What the task requires: Every line from the one holding "Unsere große blaue" to the end of the entries should be repeated exactly, with the pictures left out.
---------- Listed entries ----------
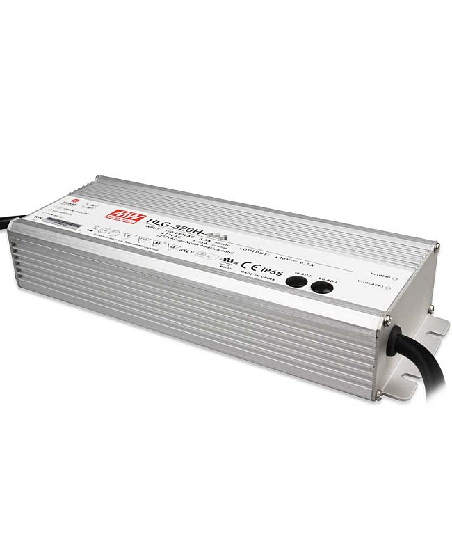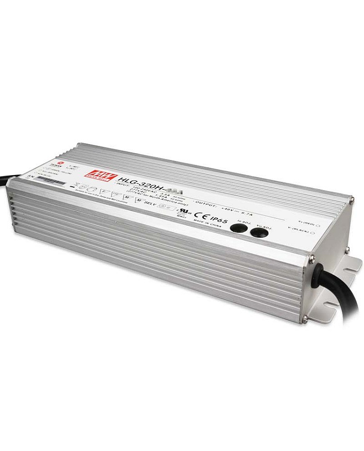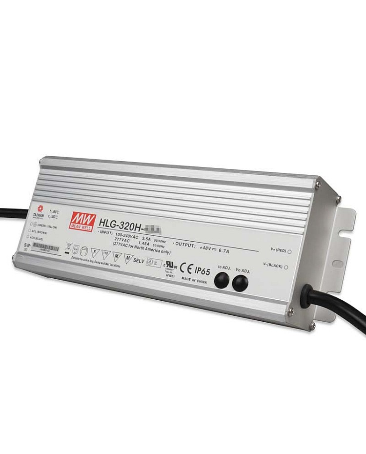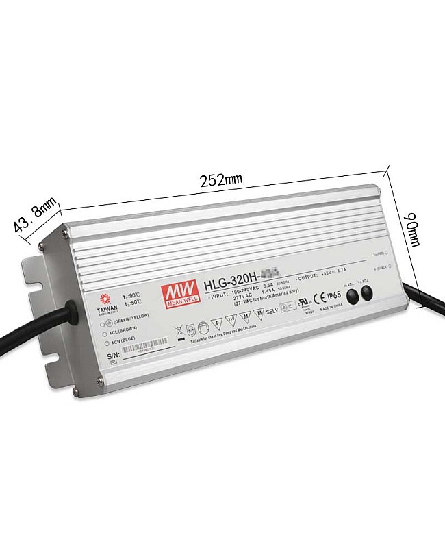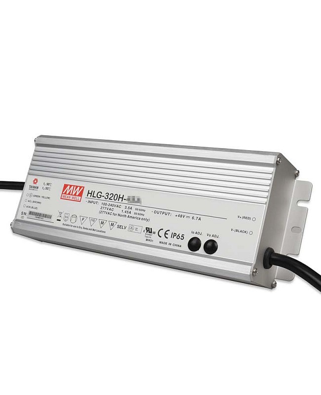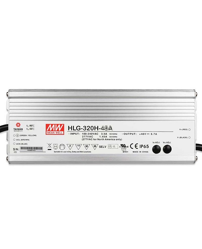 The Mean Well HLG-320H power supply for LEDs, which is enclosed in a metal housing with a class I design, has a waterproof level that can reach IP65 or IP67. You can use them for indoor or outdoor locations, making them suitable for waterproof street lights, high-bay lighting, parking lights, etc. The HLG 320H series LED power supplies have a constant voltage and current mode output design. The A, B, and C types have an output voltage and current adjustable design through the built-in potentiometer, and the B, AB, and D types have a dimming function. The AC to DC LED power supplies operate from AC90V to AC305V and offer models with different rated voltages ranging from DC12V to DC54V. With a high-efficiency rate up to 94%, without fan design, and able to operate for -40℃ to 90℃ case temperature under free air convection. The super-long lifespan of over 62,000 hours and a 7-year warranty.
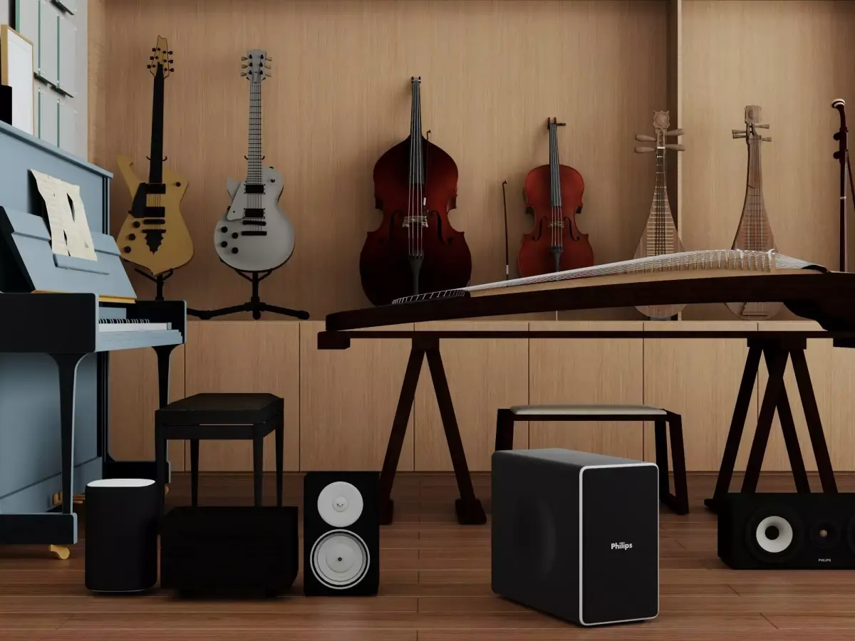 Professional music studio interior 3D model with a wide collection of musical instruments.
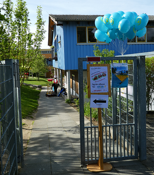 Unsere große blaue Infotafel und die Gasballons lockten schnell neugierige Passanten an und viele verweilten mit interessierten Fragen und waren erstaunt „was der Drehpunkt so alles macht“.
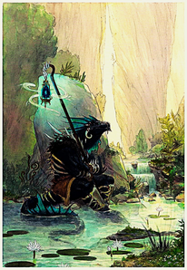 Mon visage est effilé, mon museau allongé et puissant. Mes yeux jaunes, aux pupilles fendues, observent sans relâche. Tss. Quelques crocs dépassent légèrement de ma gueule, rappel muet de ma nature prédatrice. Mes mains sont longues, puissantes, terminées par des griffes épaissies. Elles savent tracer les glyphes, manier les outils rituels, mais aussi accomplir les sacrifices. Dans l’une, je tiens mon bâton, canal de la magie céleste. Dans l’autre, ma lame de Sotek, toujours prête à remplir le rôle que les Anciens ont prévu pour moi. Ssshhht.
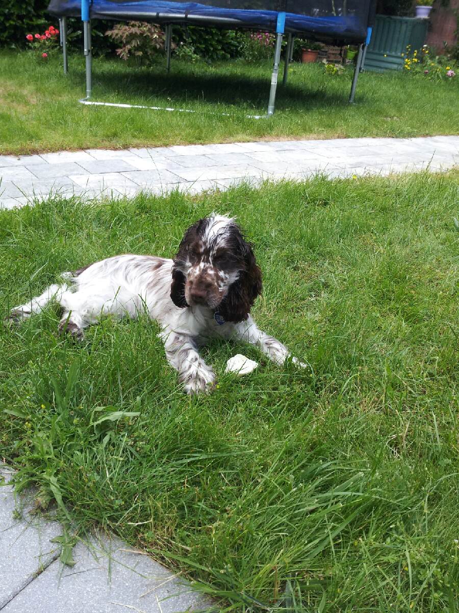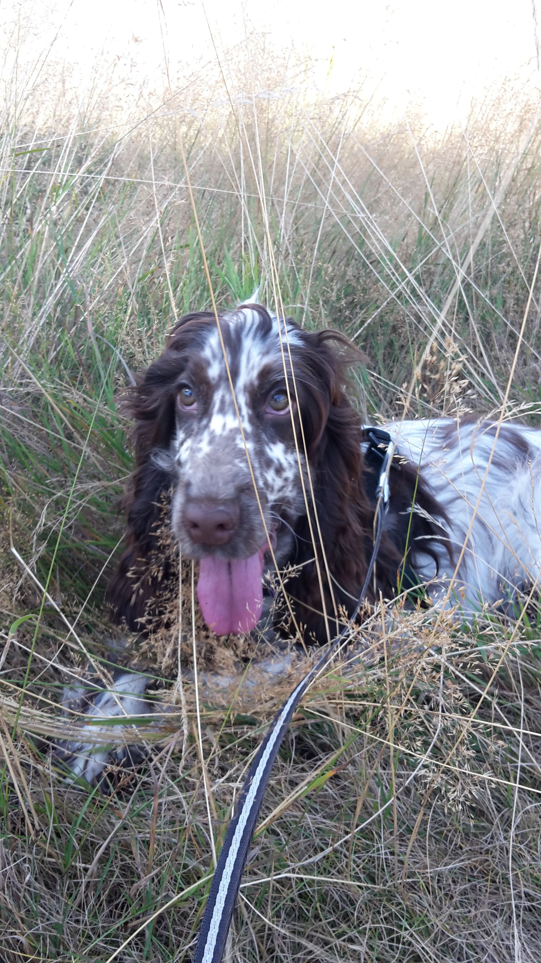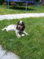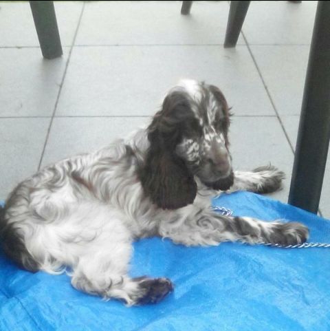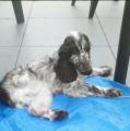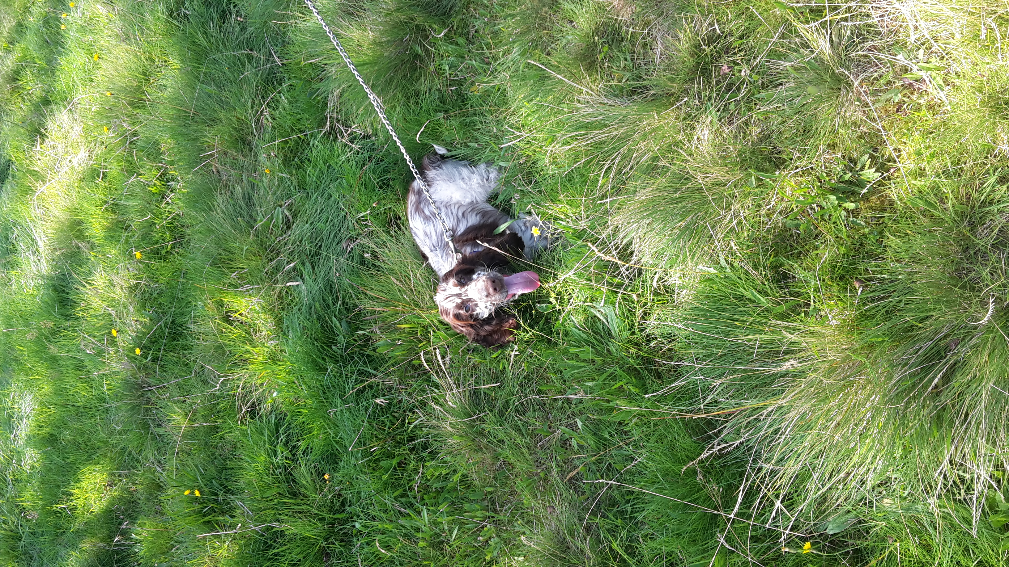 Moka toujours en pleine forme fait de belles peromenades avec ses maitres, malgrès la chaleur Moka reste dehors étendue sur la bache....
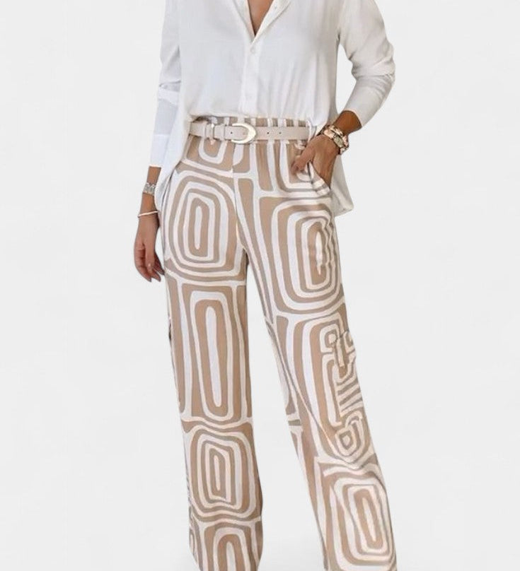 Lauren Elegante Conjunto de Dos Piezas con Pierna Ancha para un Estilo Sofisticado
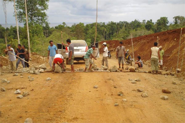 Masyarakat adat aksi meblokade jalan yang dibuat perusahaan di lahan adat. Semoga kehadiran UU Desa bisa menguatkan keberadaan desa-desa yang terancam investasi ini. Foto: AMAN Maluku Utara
----------
Your solution:
 Unsere große blaue Infotafel und die Gasballons lockten schnell neugierige Passanten an und viele verweilten mit interessierten Fragen und waren erstaunt „was der Drehpunkt so alles macht“.
 Mon visage est effilé, mon museau allongé et puissant. Mes yeux jaunes, aux pupilles fendues, observent sans relâche. Tss. Quelques crocs dépassent légèrement de ma gueule, rappel muet de ma nature prédatrice. Mes mains sont longues, puissantes, terminées par des griffes épaissies. Elles savent tracer les glyphes, manier les outils rituels, mais aussi accomplir les sacrifices. Dans l’une, je tiens mon bâton, canal de la magie céleste. Dans l’autre, ma lame de Sotek, toujours prête à remplir le rôle que les Anciens ont prévu pour moi. Ssshhht.
 Moka toujours en pleine forme fait de belles peromenades avec ses maitres, malgrès la chaleur Moka reste dehors étendue sur la bache....
 Lauren Elegante Conjunto de Dos Piezas con Pierna Ancha para un Estilo Sofisticado
 Masyarakat adat aksi meblokade jalan yang dibuat perusahaan di lahan adat. Semoga kehadiran UU Desa bisa menguatkan keberadaan desa-desa yang terancam investasi ini. Foto: AMAN Maluku Utara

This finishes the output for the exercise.